I think the poles provide an energy from their dynamic radial placement and the wire helps frame her in a nice isosceles triangle.


----------



## terri (May 13, 2018)

Love this shot, and for me the framing from the pole & wire makes it special.   I love the additional photographic element, especially these wires and pole.  Being rougher, more texture-y elements, for me they actually complement her tatts and the jeans.    Without the poles/wires, it's technically still an excellent shot, but then the yawning expanse of overhead sky seems pointless, and I'd be of a mind to create a square crop to draw in around the model.  

But that's too cliche.       What you did rocks!


----------



## DGMPhotography (May 14, 2018)

DanOstergren said:


> DGMPhotography said:
> 
> 
> > Oh, and did yall have a makeup/hair artist? Her whole look is on fleek!
> ...



I'm impressed. Always nice when a model can handle her own hair/makeup.


----------



## DanOstergren (May 15, 2018)

DGMPhotography said:


> DanOstergren said:
> 
> 
> > DGMPhotography said:
> ...


It doesn't take much to be honest. Going overboard and overthinking the styling and makeup can often ruin a shoot.


----------



## DanOstergren (May 15, 2018)

terri said:


> Love this shot, and for me the framing from the pole & wire makes it special.   I love the additional photographic element, especially these wires and pole.  Being rougher, more texture-y elements, for me they actually complement her tatts and the jeans.    Without the poles/wires, it's technically still an excellent shot, but then the yawning expanse of overhead sky seems pointless, and I'd be of a mind to create a square crop to draw in around the model.
> 
> But that's too cliche.       What you did rocks!
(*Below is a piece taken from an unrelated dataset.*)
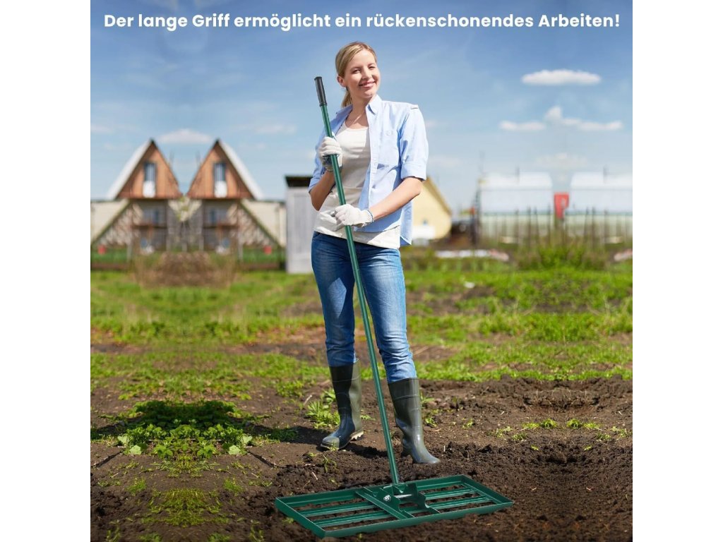 Násada o délce 170 cm je navržena tak, aby uživateli zajistila vzpřímený postoj během práce. Horní část rukojeti je opatřena protiskluzovým PVC materiálem, který nabízí bezpečný a stabilní úchop i v rukavicích. Celková čistá hmotnost 5,3 kg zajišťuje dostatečný přítlak pro efektivní nivelaci, aniž by nástroj byl příliš těžký pro běžnou zahradní údržbu.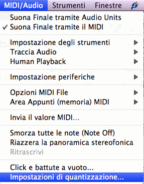 Il menu MIDI/Audio è uno dei menu fissi di Finale.

Thank you. Yes I agree, once the structure is removed, the image becomes a bit basic to me, like I've seen it a million times.


----------



## DGMPhotography (May 17, 2018)

DanOstergren said:


> DGMPhotography said:
> 
> 
> > DanOstergren said:
> ...



True. But you'd be surprised how many girls actually don't even know the basics of makeup. So much so, in my experience, that I've begun learning makeup, myself, to compensate.


----------



## DanOstergren (May 17, 2018)

DGMPhotography said:


> DanOstergren said:
> 
> 
> > DGMPhotography said:
> ...


You could always go without as well.


----------



## DGMPhotography (May 17, 2018)

DanOstergren said:


> DGMPhotography said:
> 
> 
> > DanOstergren said:
> ...



Depends on the model.


----------



## DanOstergren (May 17, 2018)

DGMPhotography said:


> DanOstergren said:
> 
> 
> > DGMPhotography said:
> ...


Very true. I honestly prefer to photograph girls with no makeup, but the drawback is having to do a bit more retouching. I just don't photograph women as often as I should.


----------



## DGMPhotography (May 18, 2018)

DanOstergren said:


> DGMPhotography said:
> 
> 
> > DanOstergren said:
> ...



I don’t photograph men nearly as much as I should haha. We all have our preferences.


----------



## Dean_Gretsch (May 24, 2018)

I agree with Terri that you'd have to do a major crop of the sky without the structural elements. I prefer the framing they add. Great lighting. #1 version for me.


----------



## DanOstergren (May 24, 2018)

Dean_Gretsch said:


> I agree with Terri that you'd have to do a major crop of the sky without the structural elements. I prefer the framing they add. Great lighting. #1 version for me.


Thank you Dean.


----------